I'm about to file a MCOL. I bought a new radiator in March 2017, it developed a fault (metal started to bulge and cause a leak) in February 2018 and defendant has ignored all attempts to resolve.

 

Defendant is a company that also sells on ebay - http://www.ebaystores.co.uk/delux-bathrooms

 

Before sending my first letter I looked them up on companies house and ended up with three addresses and thus sent three letters recorded.

1 - address listed on ebay page - the letter was returned as not called for.

2 - address listed on companies house - the letter was signed for by unknown.

3 - director address listed on companies house - this was signed for by the director and name matches that of the seller on ebay.

 

This is how it appears on ebay. Ha Ma is the director who signed for the letter.

 

1me12.png

 

Should I raise MCOL against the company but with the directors address?

 

Here is my POC:

1. Claimant entered into contract with defendant for the sale of a new vertical radiator for £128.99 and paid the price on 9/3/17.

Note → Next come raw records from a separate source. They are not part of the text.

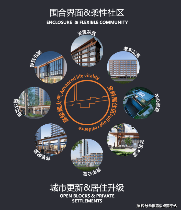 南北地块各自围合成两个生活核心,通过社区大堂连接,形成中央礼仪轴线全区域景观彼此呼应。同时以柔性功能及景观围合界面,有助于实现从区域到社区、从动态向静态的过渡。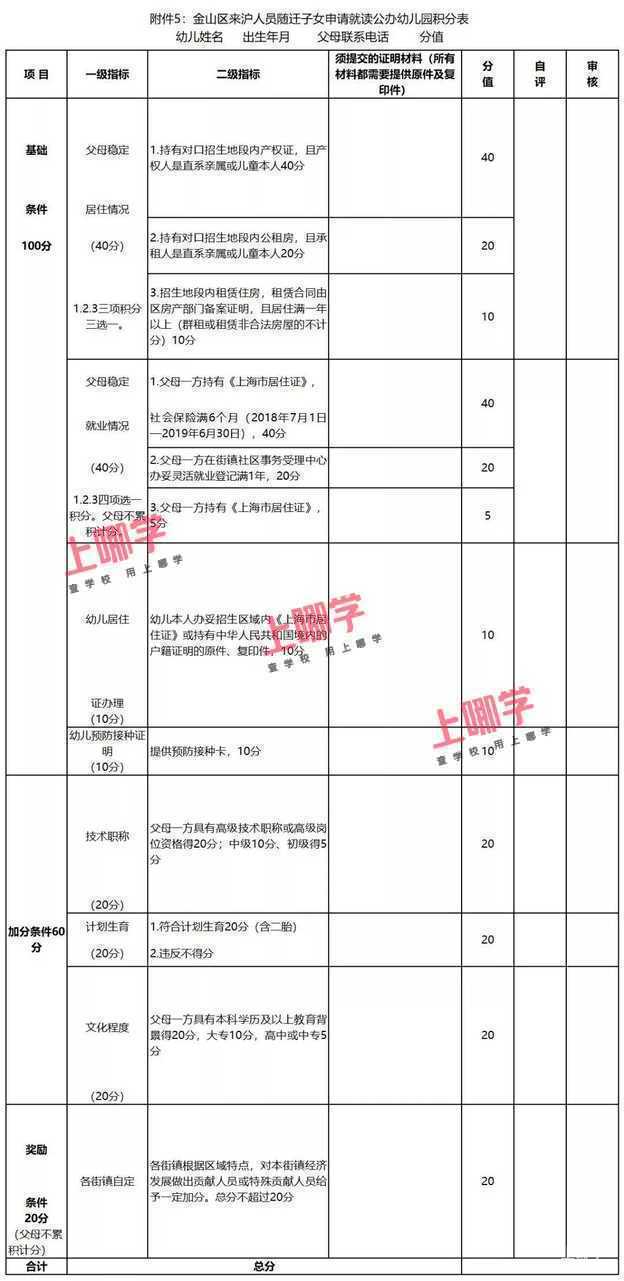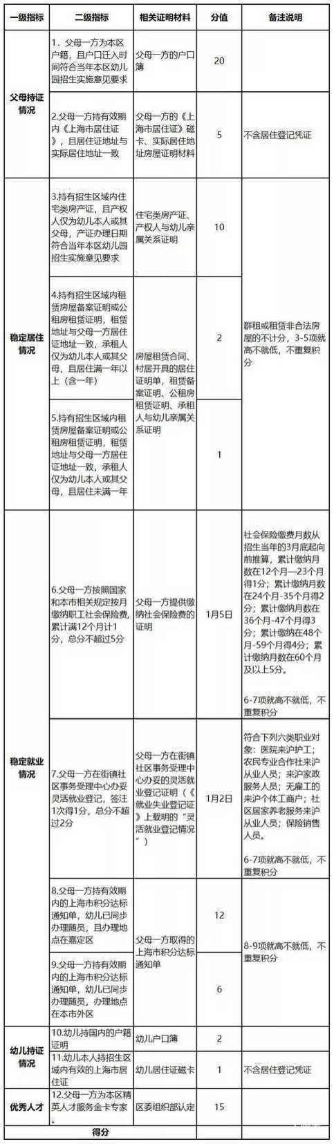 嘉定区来沪人员随迁子女申请就读幼儿园积分表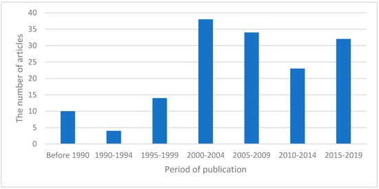 Table 1. The distribution of the journals by publication (3 and higher). - Distribution by year of publication: As can be seen in Figure 3, this shows a growing number of publications over time, with a dip in this number between 2010–2014;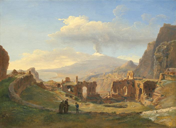 MAKE A MEME View Large Image The Roman Theater at Taormina A10060.jpg artwork creator Louise-Joséphine Sarazin de Belmont French 1790 - 1870 The Roman Theater at Taormina Q20185648 1828 oil on paper on canvas overall 43 2 x 59 7 cm 17 x 23 1/2 in framed 55 9 x 71 8 x ...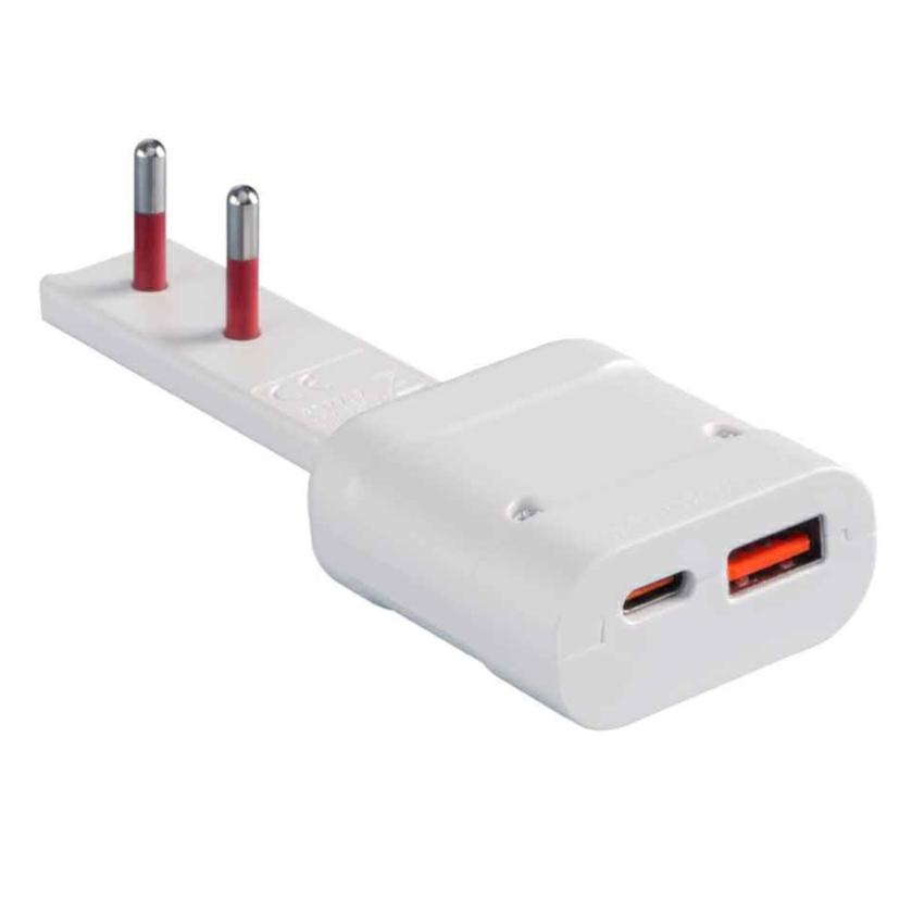 Spina Adattatore FLAT con USB BIANCA

2. The radiator developed a fault on 8/2/18. Under Consumer Rights Act 2015 goods must be of satisfactory quality and fit for purpose. Furthermore radiator was supplied with a 25 year guarantee.

3. Claimant sent email to defendant on 9/2/18 seeking repair, refund or replacement. No response.

4. Claimant sent further letter on 16/2/18 seeking resolution. No response.

5. Claimant sent letter before action on 30/4/18 seeking resolution. No response.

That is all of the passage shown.